In Chapter 3 Williams treats the contest, agon, as a form of mutual recognition, and in his treatment of Hegel's conception of absolute spirit, stresses opposition and conflict as irreducible. I would like to think of this Nietzschean point to which Williams draws attention as importantly true in philosophy, where opposition and conflict signal a healthy resistance to the "rule of one". Williams's is a provocative book that, I hope, will provoke many to take up the challenges it poses to, among many other things, contemporary conceptions of philosophy itself.



[1] Robert R. Williams, Recognition: Fichte and Hegel on the Other (Albany: State University of New York Press, 1992), and Hegel's Ethics of Recognition (Berkeley: University of California Press, 1997).

[2] Axel Honneth, The Struggle for Recognition: The Moral Grammar of Social Conflicts, trans. Joel Anderson (Oxford: Polity Press, 1995).

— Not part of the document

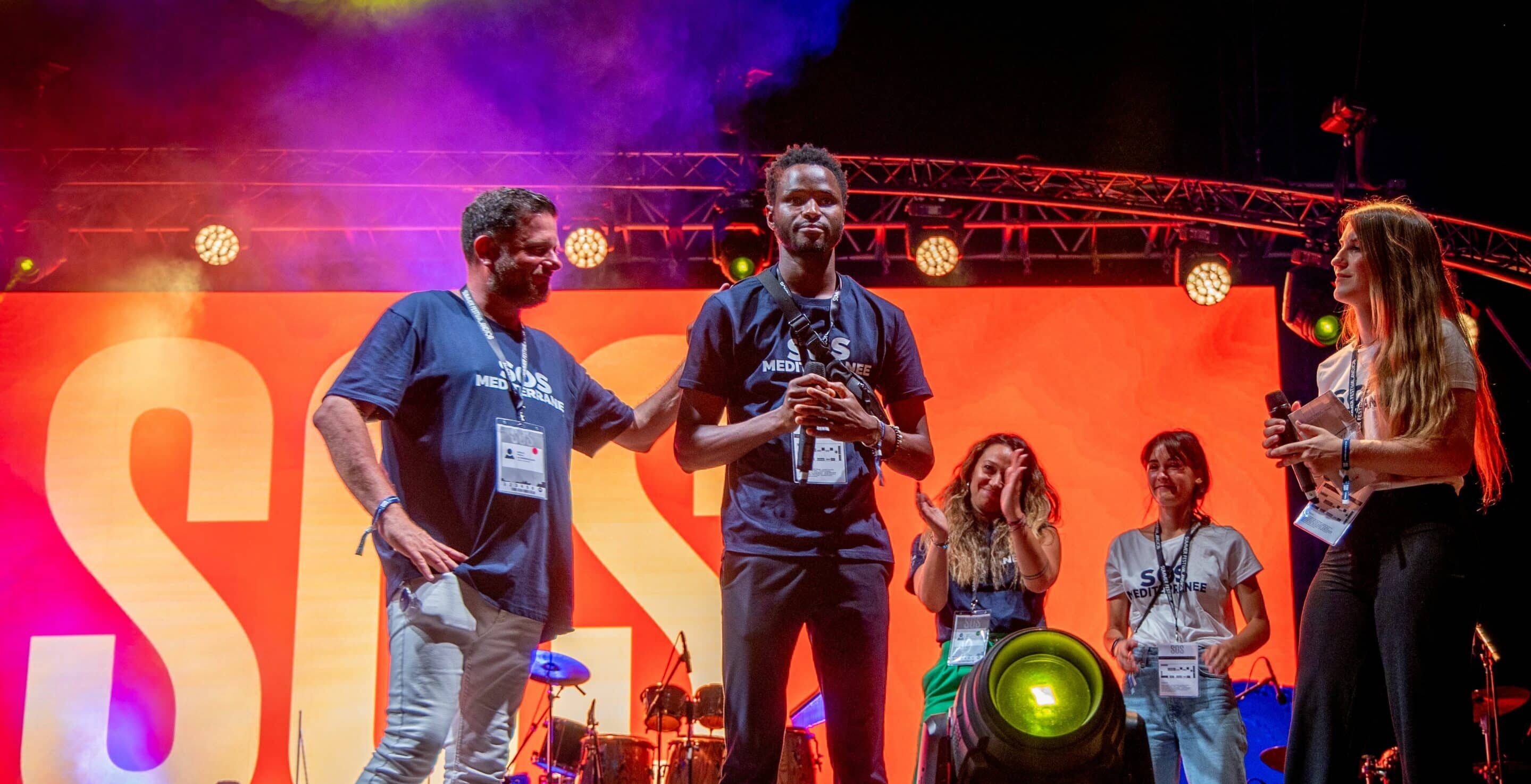 Les milliers de spectateur.ice.s présent.e.s ont longuement acclamé Moussa après qu’il eût pris la parole, suscitant l’émotion et mettant en valeur l’engagement des deux autres membres de SOS MEDITERRANEE présents.es sur scène, comme les nombreux.euses et invisibles mais indispensables bénévoles qui constituent cette chaîne de solidarité. Lui, avait l’air un peu perdu dans ses souvenirs : sans doute défilaient dans sa tête des images de la traversée du désert à l’arrière d’un pick-up, ou de l’embarquement de nuit, sous la contrainte et dans les cris étouffés sur une embarcation pneumatique surchargée.

[3] See for example, Robert Stern’s comments on Beiser and the possibilities for avoiding a “slide into an objectionable metaphysica specialis” in Robert Stern, Hegelian Metaphysics (Oxford: Oxford University Press, 2009), p. 31. While Williams will insist that Hegel’s panentheistic God is not a fully “transcendent” one, his idea of Hegel’s “Absolute” still seems far from Beiser’s blander “universe as a whole”, to which Stern appeals. Such problems aside, Williams here follows Beiser in the idea that the presence of any Hegelian theology surely implies a realist metaphysics, but why this is the case seems to be taken as obvious and without the need of argument.

[4] The type of “speculative intuition” that Williams seems to have mind is what he elsewhere speaks of as an “experience of ecstatic inclusion” (p. 284) -- that is, an experience of belonging to not this or that social group, but to the universe as a whole. He is well aware that for Hegel no such experience can play a foundational role and that taken in isolation will be an instance of what he criticized in Schelling as the “night in which all cows are black”. It is not clear to me, however, why such experiences would not in Hegel go the way of the type of sensory “givens” that Kant himself insisted constrain conceptuality (as the content of empirical intuitions). They will of course continue to play somerole in cognitive life as elements, aufgehoben, but will they play the strong role that Williams assigns them?